Is it enough information to have an idea of the problem ?
What else could I do to help debugging this issue ?
Thank you for your help.
--
Lo?c Le Loarer
Here is an extract of the strace of the client process with the highest
pid :
11:20:42 open("toto.gz,v", O_RDONLY) = 1
11:20:42 fstat(1, {st_mode=S_IFREG|0444, st_size=1785405919, ...}) = 0
11:20:42 open(".toto.gz,v.3axXXh", O_RDWR|O_CREAT|O_EXCL, 0600) = 3
11:20:42 fchmod(3, 0400) = 0
....... file transfert, many read and write
11:48:48 read(0, "\24.........", 8184) = 387
11:48:48 write(3, "%I\17H/M\...\226"..., 254657) = 254657
11:48:48 brk(0x588000) = 0x588000
11:48:48 close(1) = 0
11:48:48 close(3) = 0
11:48:48 lstat(".toto.gz,v.3axXXh", {st_mode=S_IFREG|0400,
st_size=2039997121
, ...}) = 0
11:48:48 chmod(".toto.gz,v.3axXXh", 0444) = 0
11:48:48 rename(".toto.gz,v.3axXXh", "toto.gz,v") = 0
11:48:50 select(1, [0], [], NULL, {60, 0}) = 0 (Timeout)

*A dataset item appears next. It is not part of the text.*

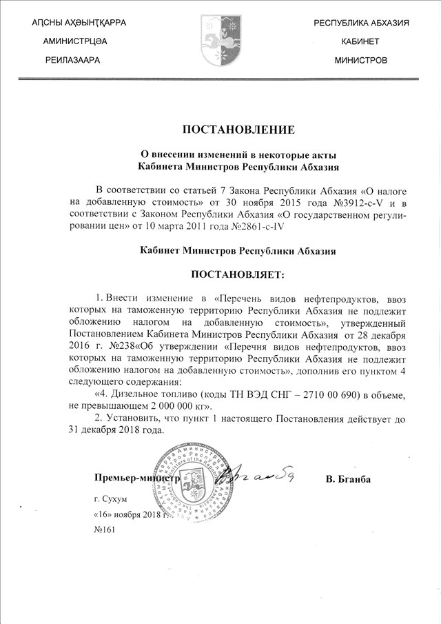 Постановление Кабинета Министров Республики Абхазия от 16.11.2018 № 161 "О внесении изменений в некоторые акты Кабинета Министров Республики Абхазия"

11:49:50 select(1, [0], [], NULL, {60, 0}) = 0 (Timeout)
11:50:50 select(1, [0], [], NULL, {60, 0}) = 0 (Timeout)
... an so on until I kill it
13:28:51 select(1, [0], [], NULL, {60, 0}) = ? ERESTARTNOHAND (To be
restarted)
13:29:19 --- SIGTERM (Terminated) @ 0 (0) ---
13:29:19 select(0, NULL, NULL, NULL, {0, 400000}) = 0 (Timeout)

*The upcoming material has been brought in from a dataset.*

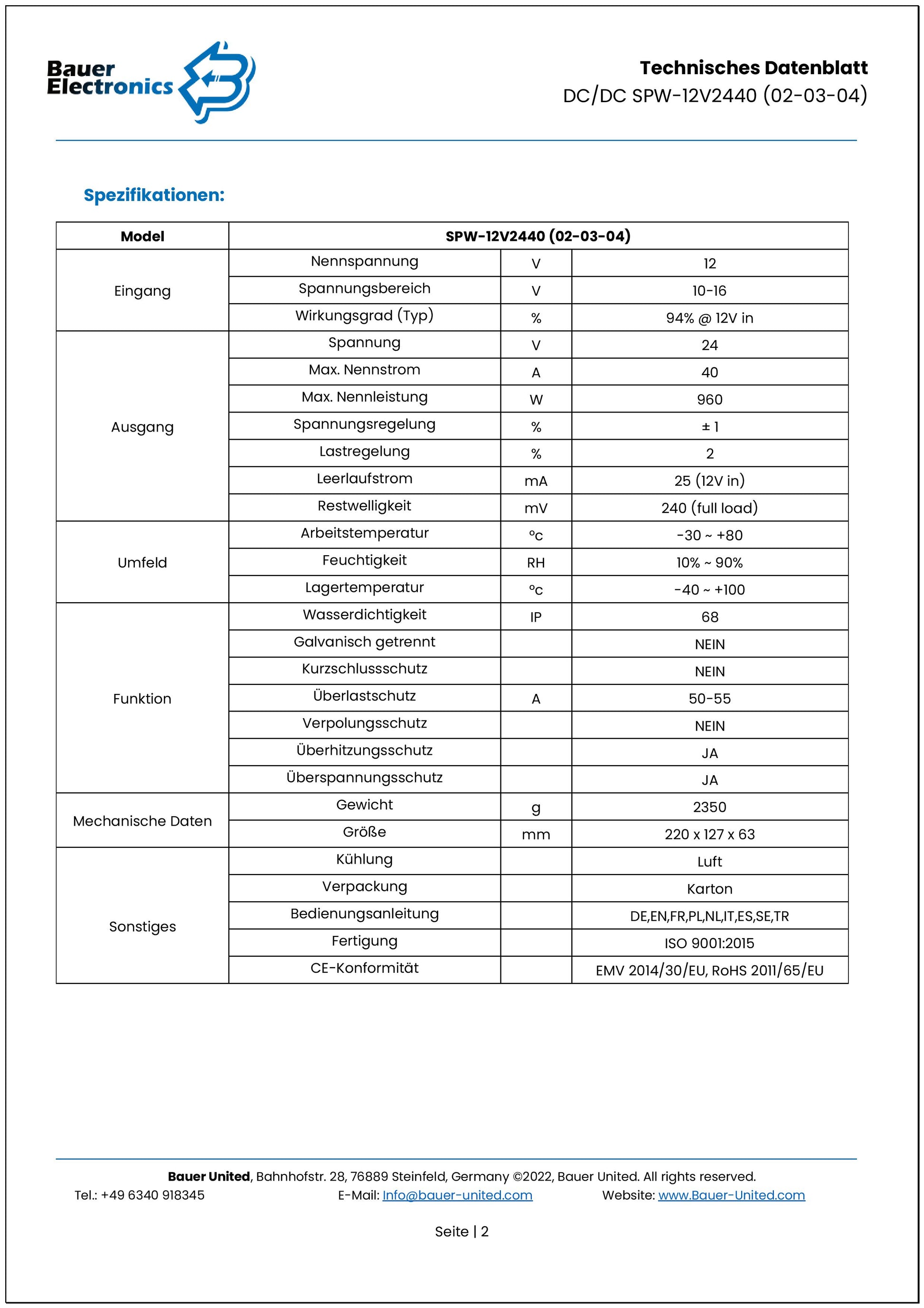 Protective circuits | Overvoltage protection, reverse polarity protection, short circuit protection, overload protection as well as overheating protection ensure safety. Please refer to the data sheet of the respective unit.

13:29:20 select(0, NULL, NULL, NULL, {0, 2000}) = 0 (Timeout)
13:29:20 rt_sigaction(SIGUSR1, {SIG_IGN}, NULL, 8) = 0
13:29:20 rt_sigaction(SIGUSR2, {SIG_IGN}, NULL, 8) = 0
13:29:20 write(4, "\\\0\0\10rsync error: received SIGINT, SIGTERM, or
SIGHUP (code
20) at rsync.c(242) [receiver=2.6.8]\n", 96) = 96
13:29:20 exit_group(20) = ?
Here is an extract of the strace of the server process :
02:48:48 read(7, "\374\17\0\7", 4) = 4
02:48:48 select(8, [7], [], NULL, {60, 0}) = 1 (in [7], left {60, 0})
02:48:48 read(7, "\366....\315"..., 4092) = 1232
02:48:48 select(8, [7], [], NULL, {60, 0}) = 0 (Timeout)
02:49:48 select(8, [7], [], NULL, {60, 0}) = 0 (Timeout)
02:50:48 select(8, [7], [], NULL, {60, 0}) = 0 (Timeout)
... an so on until I kill it
04:28:47 select(8, [7], [], NULL, {60, 0}) = 1 (in [7], left {27, 450000})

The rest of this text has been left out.